The log scales and vertical separation by relative expression level let us see what is going on at lower abundances more clearly than the fan-like scatter plots. Weak reporter ion signals have more asymmetry in their scatter about the horizontal lines (biased towards points below the expected horizontal lines). We see this mostly for the 5 and 2.5 series data. Less diluted samples (25, 20) also have increasing variance at low intensities, but do not seem to have as much asymmetry in the scatter.


Background for Parts 2 and 3

There are two factors that are important in measurements: accuracy and reproducibility. Accuracy for this data is not that interesting. The measured dilution factors and the known dilution factors are in good agreement (see next cell). The trend lines in the scatter plots and the black, horizontal lines in the MA plots show that the data separate in intensity by the expected dilutions. There is quite a lot of published evidence that the SPS MS3 method improves the dynamic range and accuracy of isobaric labeling. As might be expected, there is a clear trend that lower intensity data has more uncertainty than higher intensity data.

In [15]:
# how close were the measured dilution factors?
tot_int <- sum(colSums(proteins))
unit <- tot_int / sum(c(25, 20, 15, 10, 5, 2.5))
round(colSums(proteins) / unit, 2)
a_25
24.86
b_20
19.45
c_15
15.04
d_10
10.4
e_5
4.99
f_2.5
2.76

Reproducibility means that if we measured the same thing multiple times we would get a set of values that are close to each other. We have 6 measurements of the same sample here, but the same amount of the sample was not measured each time. However, we know the dilution factors so we can basically undo the dilutions with some data normalizations. Then we can get 6 repeated measures and check the data reproducibility. A common metric for reproducibility is the coefficient of variation (CV), so we can compute the CV for each data frame row (either individual PSMs, peptides, or proteins) after normalizing the data to remove the dilution factors. Since we will have thousands of CV values, we will look at the distributions of the CV values. We have seen that aggregation seems to reduce data dispersion (scatter). We can compute median CV values and interquartile ranges for PSMs, peptides, and proteins.

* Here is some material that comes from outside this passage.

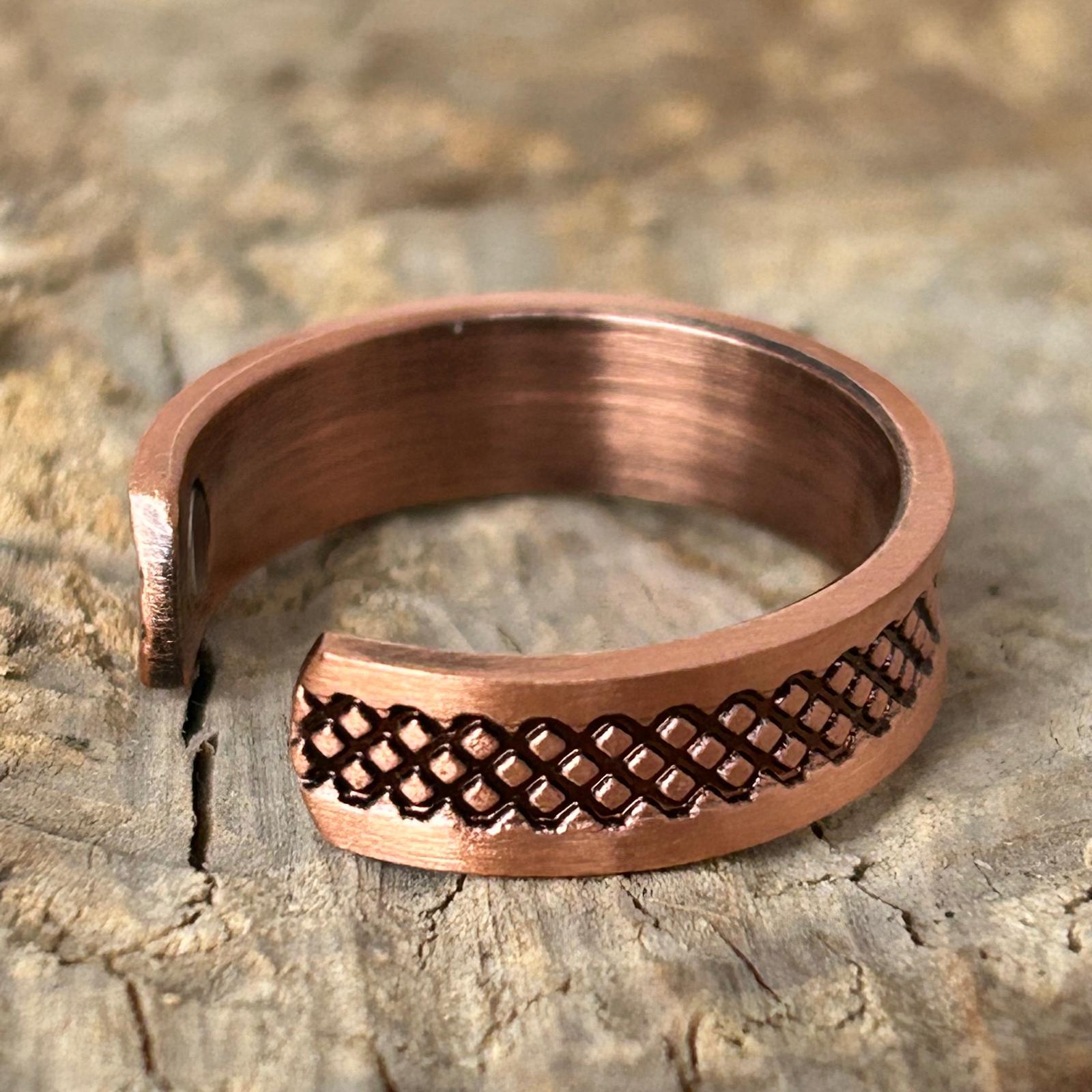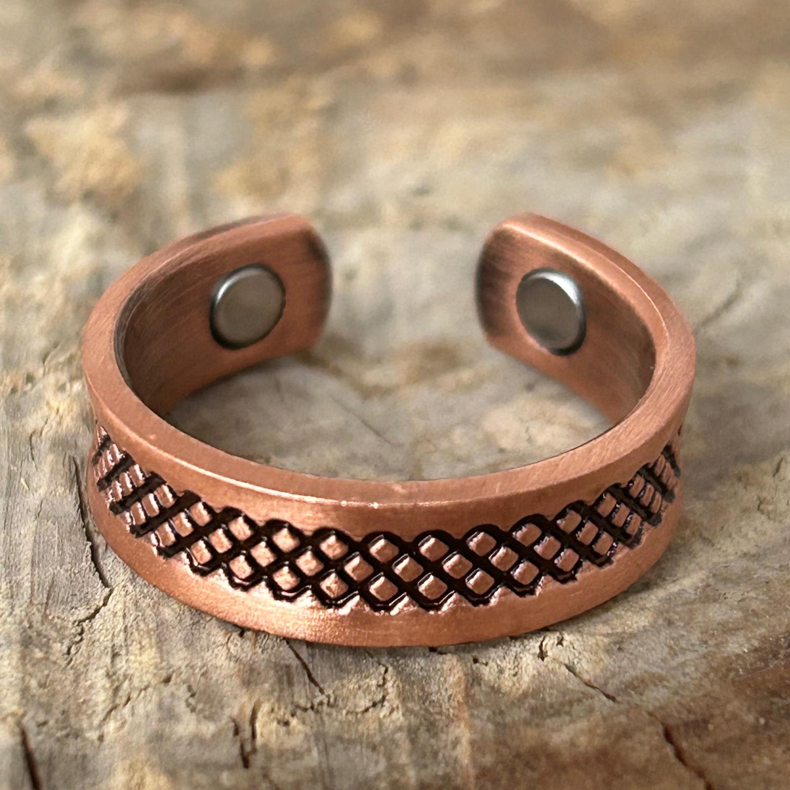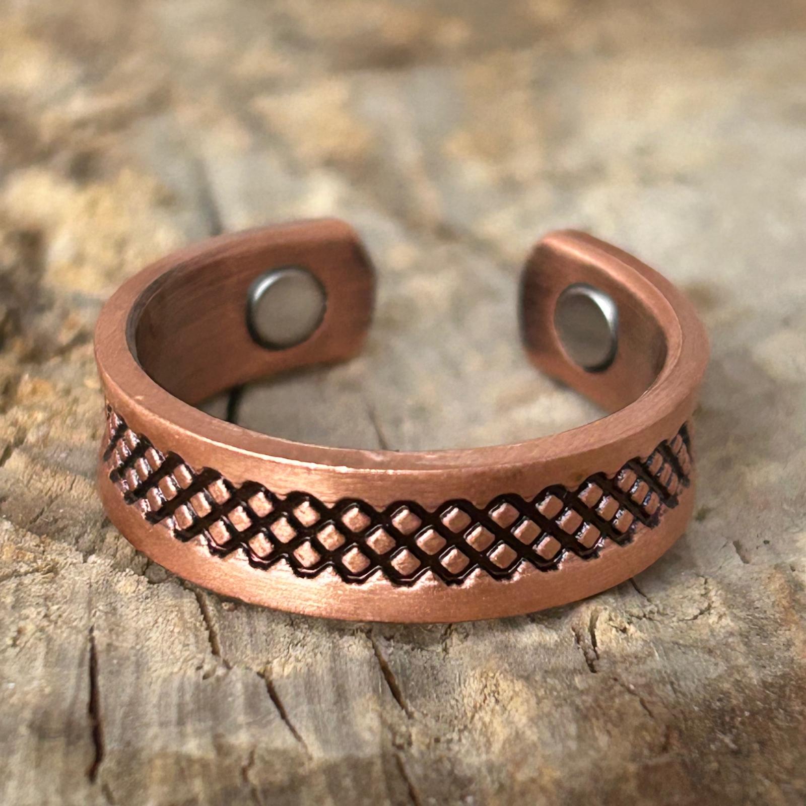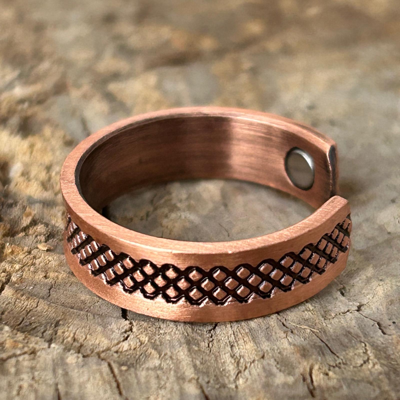 Медта, носена от древни времена като защитен и лечебен метал, се смята за катализатор на жизнената енергия и вътрешния баланс. В комбинация с регулируемата форма, пръстенът става не просто бижу, а и символ на адаптивността и хармоничното протичане през живота.
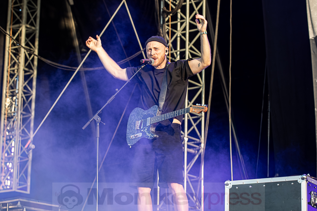 Sie hatten in ihrem Set neuere und auch „Oldschool“-Songs dabei, wie „Die Perfektion“. Und als Kindheitserinnerung stimmten sie den Song der Trickfilm-Serie Wickie an. Hier wurde ausgelassen mitgebrüllt. Das war einer dieser besonderen Momente, die eine großartige Stimmung hatten. Das Spielchen – alle hinsetzen und dann zusammen hochspringen – klappte super und sah von Weitem richtig toll aus. Weitere Highlights dieses Auftritts waren das Robbie Williams-Cover „Angels“ und der große Hit „Du schreibst Geschichte“. Dabei hatten die Künstler Gänsehaut, weil das ganze Gelände mitsang. Coole Nummer! Mit der Aufforderung „Bleibt stabil“ am Ende war dieser Gig dann viel zu schnell vorbei. Uns hat das Ganze echt gefallen – dankeschön!

2. Understanding data normalizations in edgeR

We have many options for normalizing the data. We can use the known dilution factors to "undo" the pipetting differences. We could also measure the grand intensity totals for each channel and use single, global scaling factors to match the totals. The Bioconductor package edge seems to work well for statistical testing in TMT experiments and it incorporates a nice trimmed mean of M-values normalization algorithm developed for these types of omic datasets.

Robinson, M.D. and Oshlack, A., 2010. A scaling normalization method for differential expression analysis of RNA-seq data. Genome biology, 11(3), p.R25.

While normalization in edgeR involves a single function call, understanding exactly what is done to the data is surprisingly hard. edgeR does not create tables normalized data and then do the statistics on the normalized data. The modeling in edgeR uses the normalization factors as terms in the statistical model, so they kind of stay hidden.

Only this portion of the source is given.